PlanetPhysics/Transformation Between Cartesian Coordinates and Polar Coordinates

From the definition of a contravariant vector (contravariant tensor of rank 1)

${\displaystyle {\bar {T}}^{i}=T^{j}{\frac {\partial {\bar {x}}^{i}}{\partial x^{j}}}}$

we get the transformation matrix from the partial derivatives

${\displaystyle A_{ij}={\frac {\partial {\bar {x}}^{i}}{\partial x^{j}}}}$

In order to calculate the transformation matrix, we need the equations relating the two coordinates systems.
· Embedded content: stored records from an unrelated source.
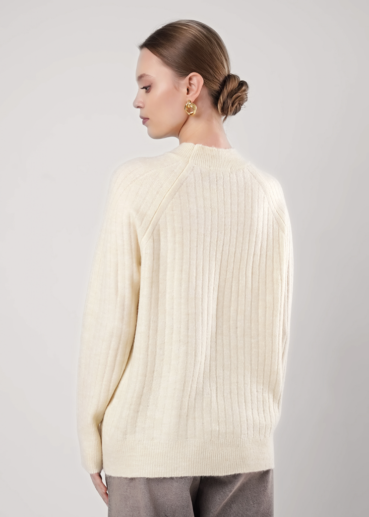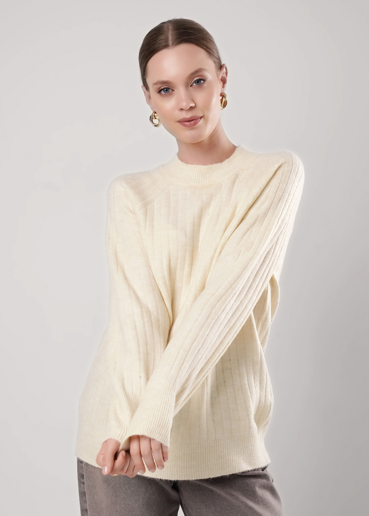 Вязаный джемпер из акриловой пряжи, ластичного переплетения. Длинный рукав реглан. По низу рукава и изделия манжеты. Округлая горловина с бейкой.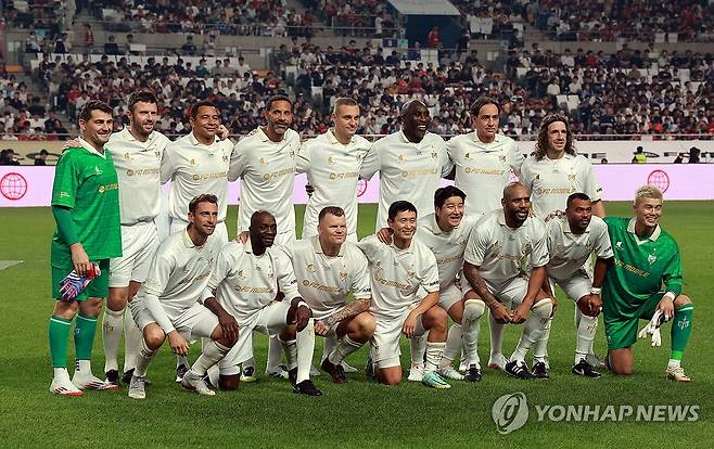 (서울=연합뉴스) 한종찬 기자 = 14일 서울월드컵경기장에서 열린 2025 넥슨 아이콘 매치. 실드 유나이티드 선수들이 경기에 앞서 기념촬영을 하고 있다. 2025.9.14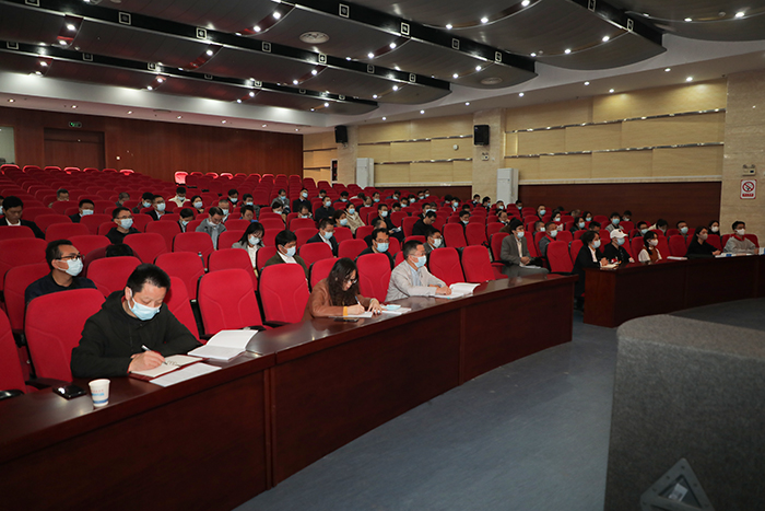 张春雨就此次导师培训安排作了简要介绍。本次培训工作主要围绕导师职责与职业素养、学术规范与科研诚信、师德师风与育人使命、研究生教育最新政策与趋势等方面进行,分为学校培训和学院培训两部分,采用线上培训和线下培训相结合的方式进行,为期两个月。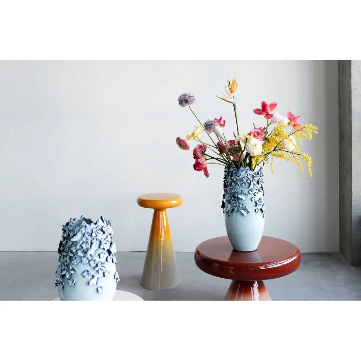 • Slim, round side table in white and yellow, 40 x 42 x 42 centimeters (H/W/D) • Der Beistelltisch begeistert mit seinem sanften Farbverlauf in sonnigen Gelb-Tönen • Cone-shaped base in combination with a wide, organically shaped table top for a harmonious design • Made of enameled steel, the table impresses with its shiny surface and robust finish • Functional next to the sofa and armchair, in the hallway or as a bedside table as a bright splash of color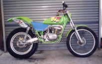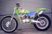 | フォークはベータTR34のもの | ワンオフアルミスイングアーム | RサスはホンダTL |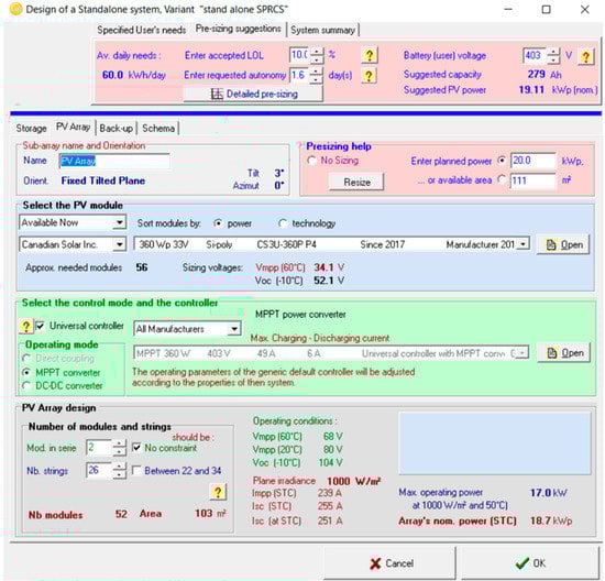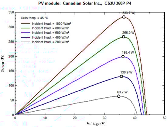 Sizing of the SPV required to charge the system batteries is shown in Figure 6. It consisted of pre-sizing suggestions and user needs. The system requirement was to charge the system batteries during a time when abundant solar energy was available. For this work, the sizing of the SPV system was 20 kWp. The voltage vs. current (VI) and power vs. voltage (PV) characteristics curve for the PV module CS3U-360P P4 are shown in respective Figure 7 and Figure 8. On average irradiation between 500 W/m2 to 800 W/m2, the chosen solar panel was able to produce 198 to 266 W/module.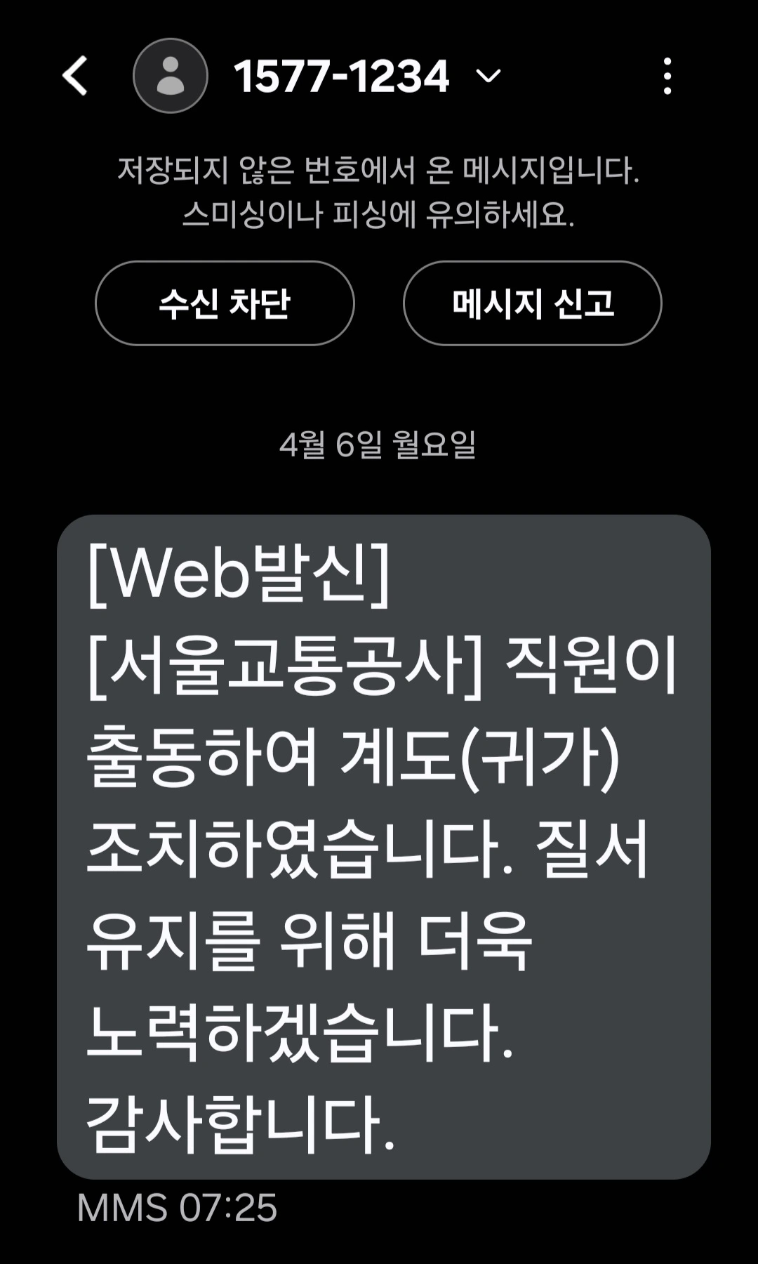서울교통공사 출동, 귀가 조치 완료."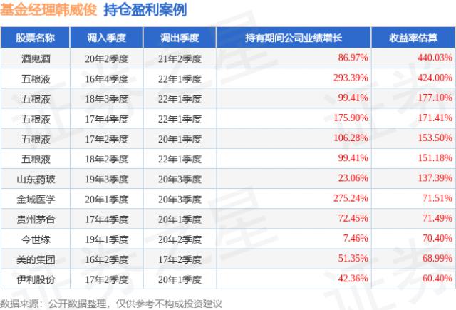 以下為韓威俊所任職基金的部分重倉(cāng)股調(diào)倉(cāng)案例: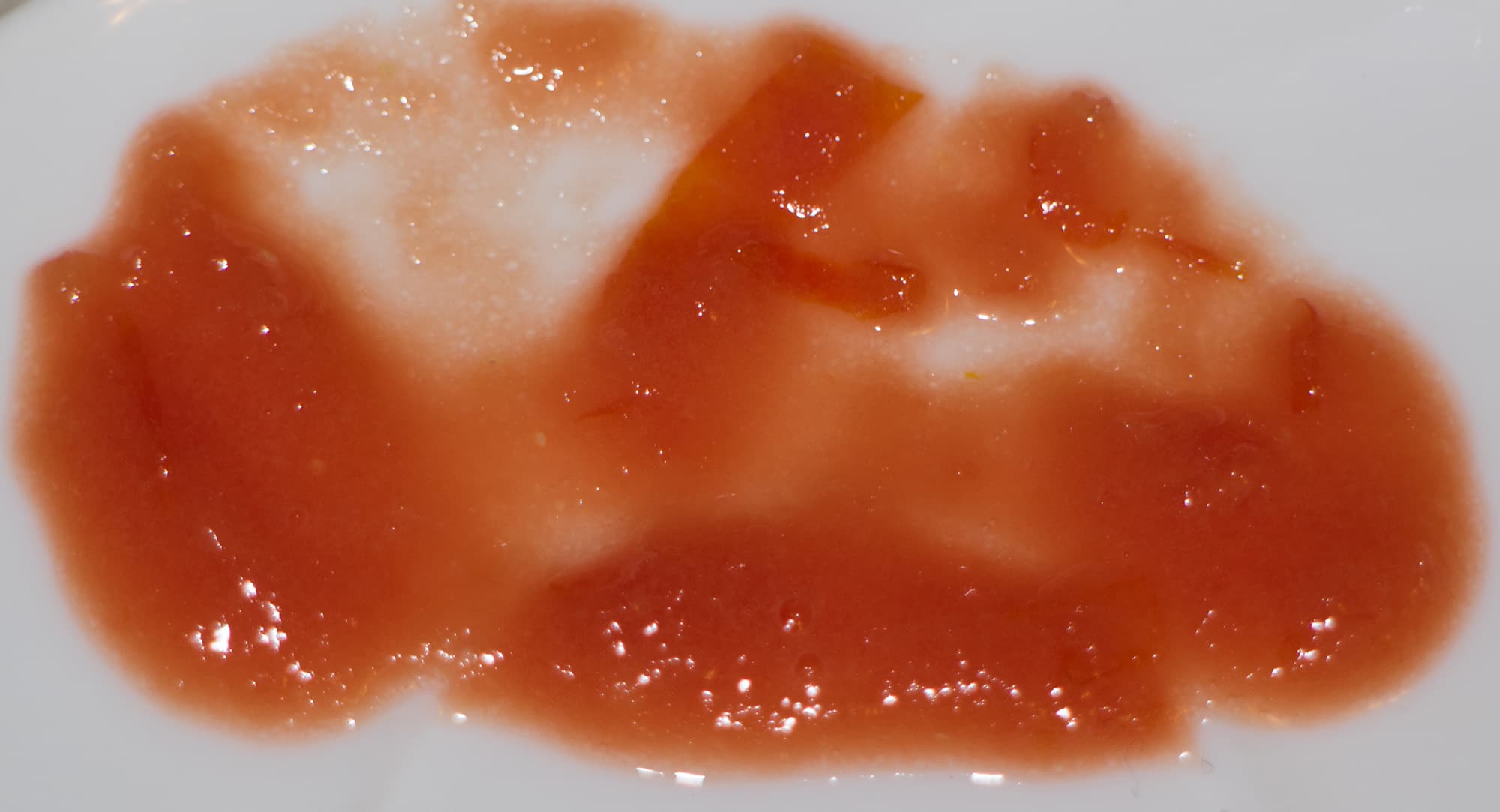 Для проведения этого обязательного теста мы взяли томаты общим весом 400 граммов. Блендировали насадкой для измельчения в течение полутора минут. Результат стандартный для погружных блендеров: иногда встречаются остатки зёрен и мелких неперемолотых кусков шкурки, но в целом масса гомогенная.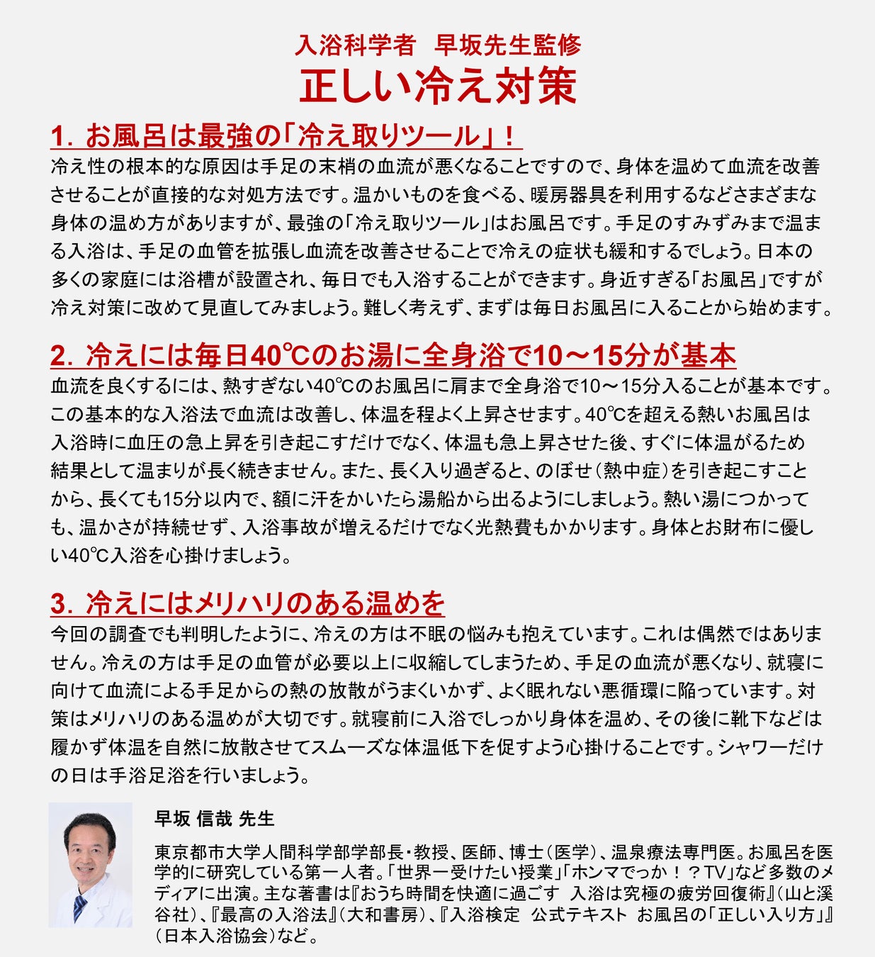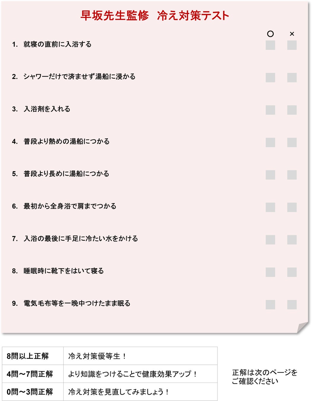 入浴科学者 早坂先生に正しい冷え対策をチェックする簡易テスト「冷え対策テスト」を作成いただきました。

For cartesian to polar, we have

${\displaystyle r={\sqrt {x^{2}+y^{2}}}}$

${\displaystyle \theta =tan^{-1}\left({\frac {y}{x}}\right)}$

and for polar to cartesian

${\displaystyle x=r\cos \theta }$

${\displaystyle y=r\sin \theta }$

So if we designate ${\displaystyle (x,y)}$ as the bar coordinates, then the transformation components from polar coordinates ${\displaystyle (r,\theta )}$ to cartesian coordinates ${\displaystyle (x,y)}$ is calculated as

${\displaystyle A_{11}={\frac {\partial {\bar {x}}^{1}}{\partial x^{1}}}={\frac {\partial x}{\partial r}}=\cos \theta }$

${\displaystyle A_{12}={\frac {\partial {\bar {x}}^{1}}{\partial x^{2}}}={\frac {\partial x}{\partial \theta }}=-r\sin \theta }$

${\displaystyle A_{21}={\frac {\partial {\bar {x}}^{2}}{\partial x^{1}}}={\frac {\partial y}{\partial r}}=\sin \theta }$

${\displaystyle A_{22}={\frac {\partial {\bar {x}}^{2}}{\partial x^{2}}}={\frac {\partial y}{\partial \theta }}=r\cos \theta }$

The components from cartesian coordinates to polar coordinates transform the same way, but now the polar coordinates have the bar

${\displaystyle B_{11}={\frac {\partial {\bar {x}}^{1}}{\partial {x}^{1}}}={\frac {\partial r}{\partial x}}={\frac {x}{\sqrt {x^{2}+y^{2}}}}}$

${\displaystyle B_{12}={\frac {\partial {\bar {x}}^{1}}{\partial {x}^{2}}}={\frac {\partial r}{\partial y}}={\frac {y}{\sqrt {x^{2}+y^{2}}}}}$

${\displaystyle B_{21}={\frac {\partial {\bar {x}}^{2}}{\partial {x}^{1}}}={\frac {\partial \theta }{\partial x}}=-{\frac {y}{x^{2}+y^{2}}}}$

${\displaystyle B_{22}={\frac {\partial {\bar {x}}^{2}}{\partial {x}^{2}}}={\frac {\partial \theta }{\partial y}}={\frac {x}{x^{2}+y^{2}}}}$

In summary, the {\mathbf components of contravariant vectors} in cartesian coordinates and polar coordinates transform between each other according to

${\displaystyle \left[{\begin{matrix}x\\y\end{matrix}}\right]=\left[{\begin{matrix}\cos \theta &-r\sin \theta \\\sin \theta &r\cos \theta \end{matrix}}\right]\left[{\begin{matrix}r\\\theta \end{matrix}}\right]}$

${\displaystyle \left[{\begin{matrix}r\\\theta \end{matrix}}\right]=\left[{\begin{matrix}{\frac {x}{\sqrt {x^{2}+y^{2}}}}&{\frac {y}{\sqrt {x^{2}+y^{2}}}}\\-{\frac {y}{x^{2}+y^{2}}}&{\frac {x}{x^{2}+y^{2}}}\end{matrix}}\right]\left[{\begin{matrix}x\\y\end{matrix}}\right]}$